Hello,
I am working with non-human RNA-seq for the first time and this is with the Rhesus Monkey. I am having very low alignment rates after featureCounts. The out put is like so:
> Load annotation file rheMac10refGene.gtf.sorted ...
Features : 47357
Meta-features : 6331
Chromosomes/contigs : 46
> Process BAM file *****.bam...
Single-end reads are included.
Assign alignments to features...
Total alignments : 84767064
Successfully assigned alignments : 8615189 (10.2%)
Running time : 4.04 minutes
So the steps I've done so far:
Downloaded the entire assembly from ftp://hgdownload.soe.ucsc.edu/goldenPath/rheMac10/bigZips/*
Converted the 2bit format to .fa using twoBitToFa tool from rsync://hgdownload.soe.ucsc.edu/genome/admin/exe/linux.x86_64/
-- this is the file, which after indexing was the reference file for HISAT2
- Next, for the GTF file I downloaded the
rheMac10.refGene.txt
and converted it to a GTF file using genePredToGtf tool. Which after cleaning, supplied as the gtf file for featureCounts.
Is this the way to go? My mapping rates after HISAT2 are high and comparable to the human genome ones. What am I doing wrong?
You have low
assignment
rates.Can you provide actual featureCounts command you are using? Did you actually use a matched reference and annotation when you did all your analysis? You can't mix and match those from different sources.

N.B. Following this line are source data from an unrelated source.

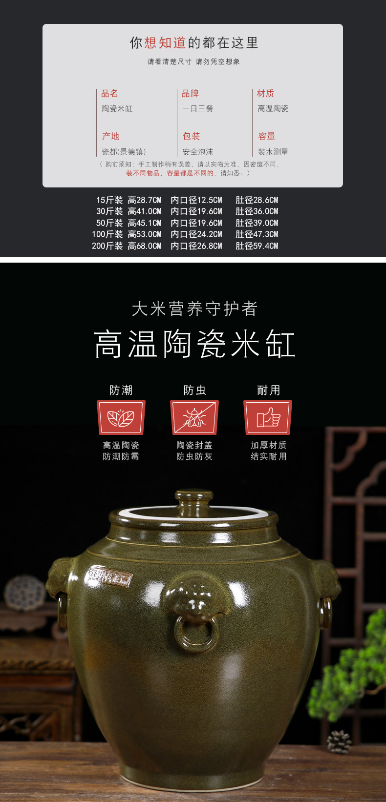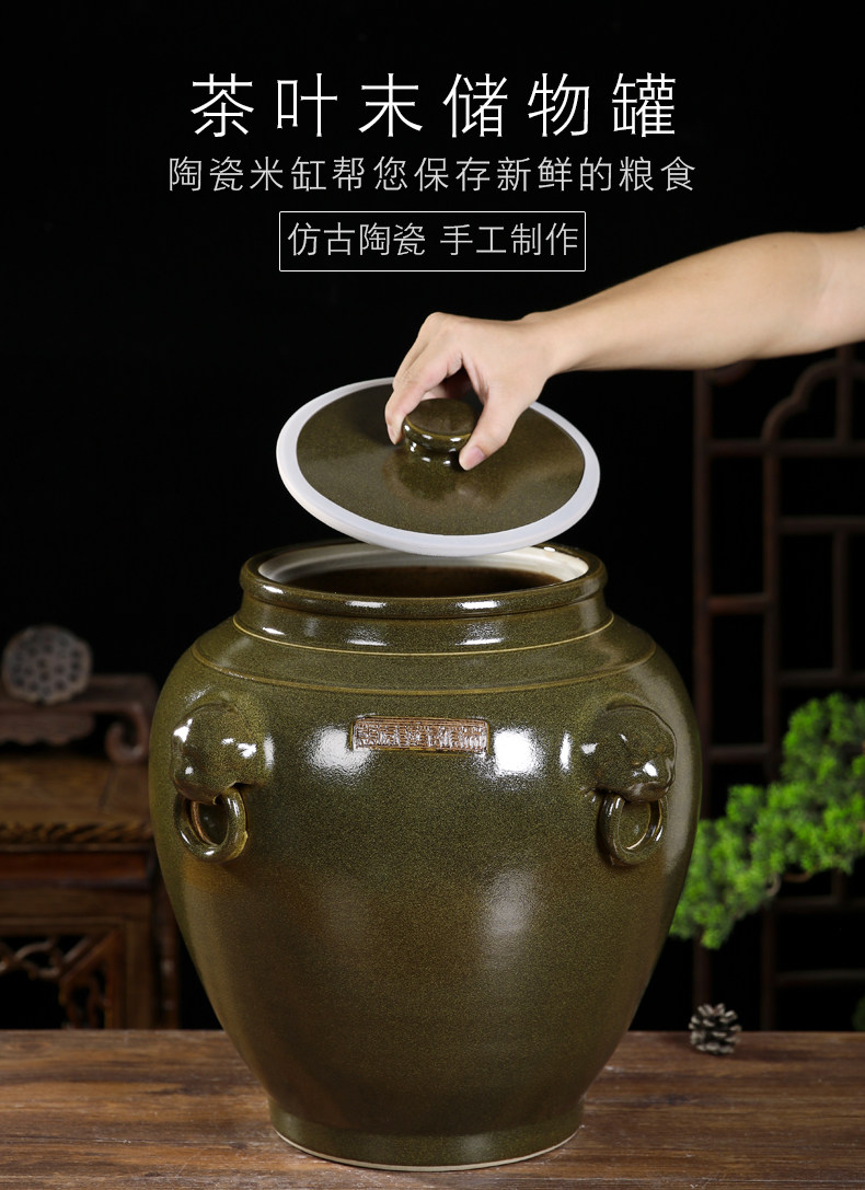 Церамический рисовый танк jingdezhen с домом с домом из 30 кот 50 кот, 100 кот, 100 фунтов чайного листа Старый
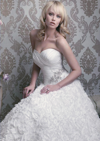 : 每個女人從小都有一個公主夢,渴望被自己的白馬王子倍加寵愛,每個女人穿上嫁衣的時候都希望自己是最幸福最漂亮的那一個,公主蓬蓬紗正適合擁有浪漫情懷的可愛氣質(zhì)新娘。
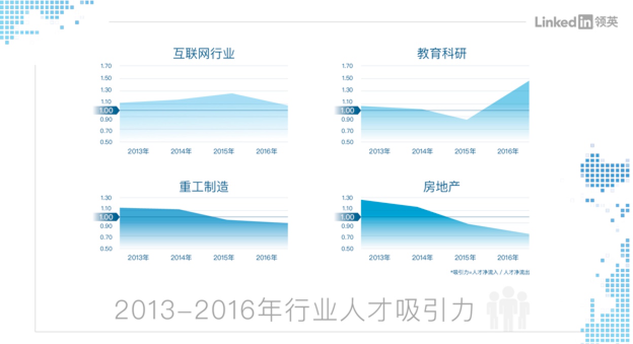 领英增长与国际业务数据科学负责人周洋表示:“人才的‘跨界’流动是当前中国产业转型升级驱动下的一个显著趋势,反过来也折射出了产业转型的特征和进程。比如在过去一年,我们看到互联网行业的人才流入/流出量是所有行业中最高的,互联网在与传统行业融合的过程中也催生了更多新的职位需求。然而,不能忽略的是随着互联网创业与投资回归理性,一些互联网创业公司进入资本寒冬,使得互联网行业人才吸引力也较去年同期有所下降。而一些缺乏颠覆性技术革新的传统行业却面临较为明显的人才流失,比如重工制造和房地产业,前者需要紧握智能制造战略机遇,加大投入吸引资深技术和管理类人才,而后者在与互联网模式融合的过程中产生了一些泡沫和非理性投资,需打造可持续的商业模式吸引和留住人才。”
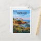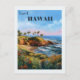 A cualquiera le encantaría recibir esta tarjeta postal hawaiana de época con un ilustracion retro de una playa y palmeras en una isla de Hawaii.
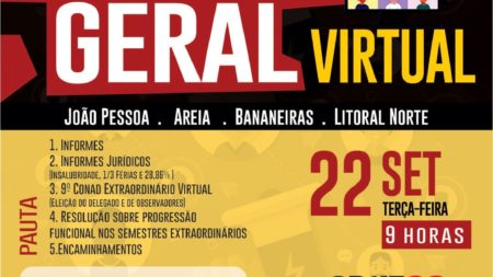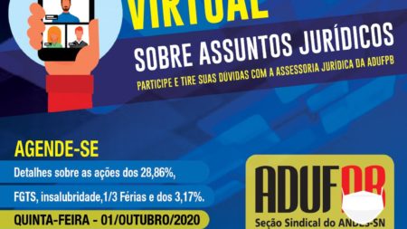 Plenária sobre assuntos jurídicos da ADUFPB será realizada nesta quinta-feira, dia 1º 28 de setembro de 2020
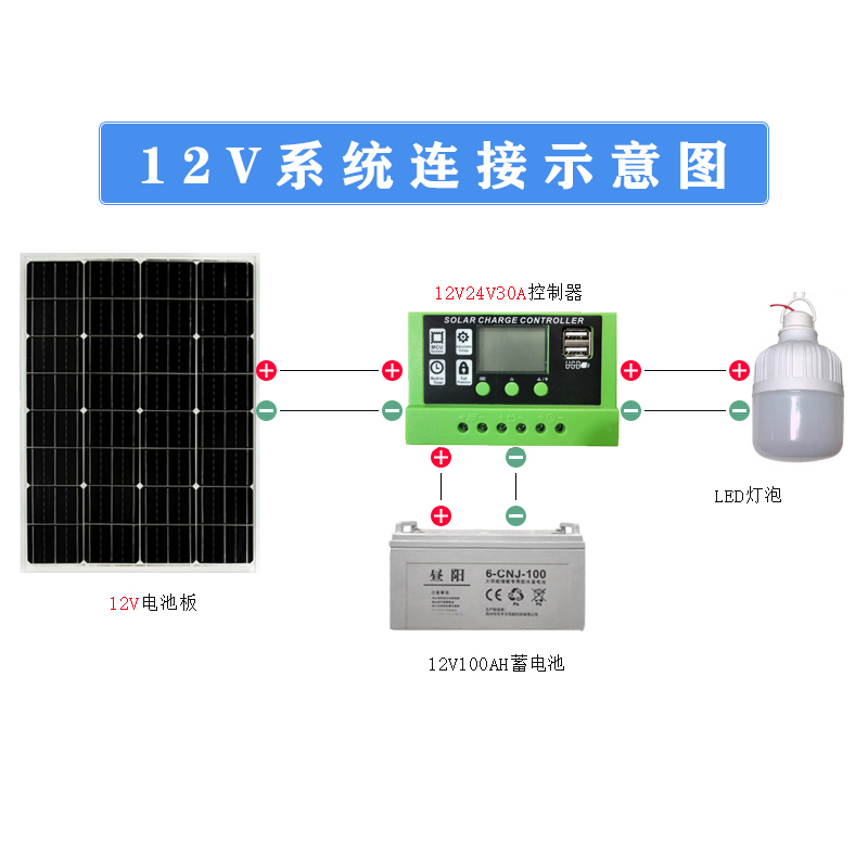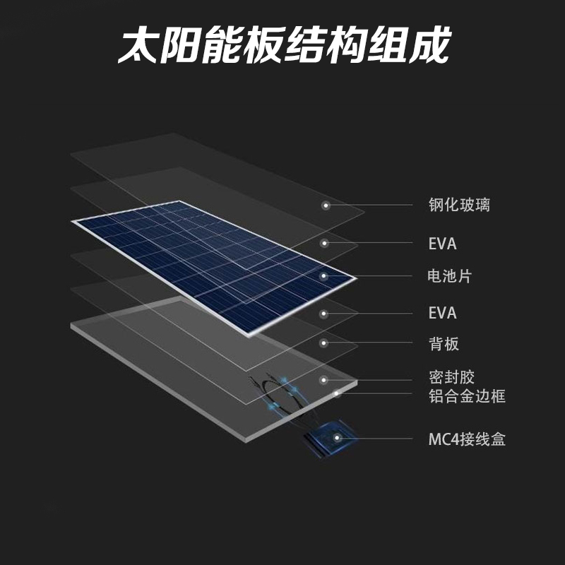 单晶太阳能板100W光伏板12V充电板200W发电板家用300瓦电池板24伏
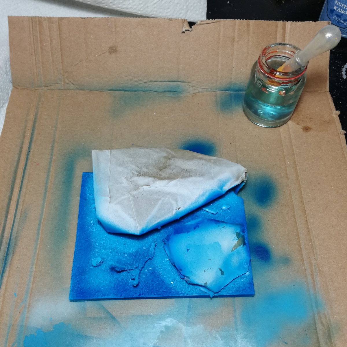 Cette résine peut se teinter également, ce que j'ai fait avec 2 gouttes de "Bleu France".

Yes, my reference was also from rheMac10 and the annotation (derived from rheMac10.refGene.txt) is also from the same. -- The reference genome (.fa) is only 2.9G and the GTF file 17M. This is also a part that confuses me. Is something wrong with this? This is the reference file I used
A couple of things to check first. If you have rRNA contamination in the data. It is possible that a lot of your reads are multi-mapping. These are not counted by featureCounts by default. You should also add
-p
(if this was a paired end dataset). You would want to count at exon level, but summarize at gene level (something like-t exon -g gene_id
). I don't recollect immediately if that is the default.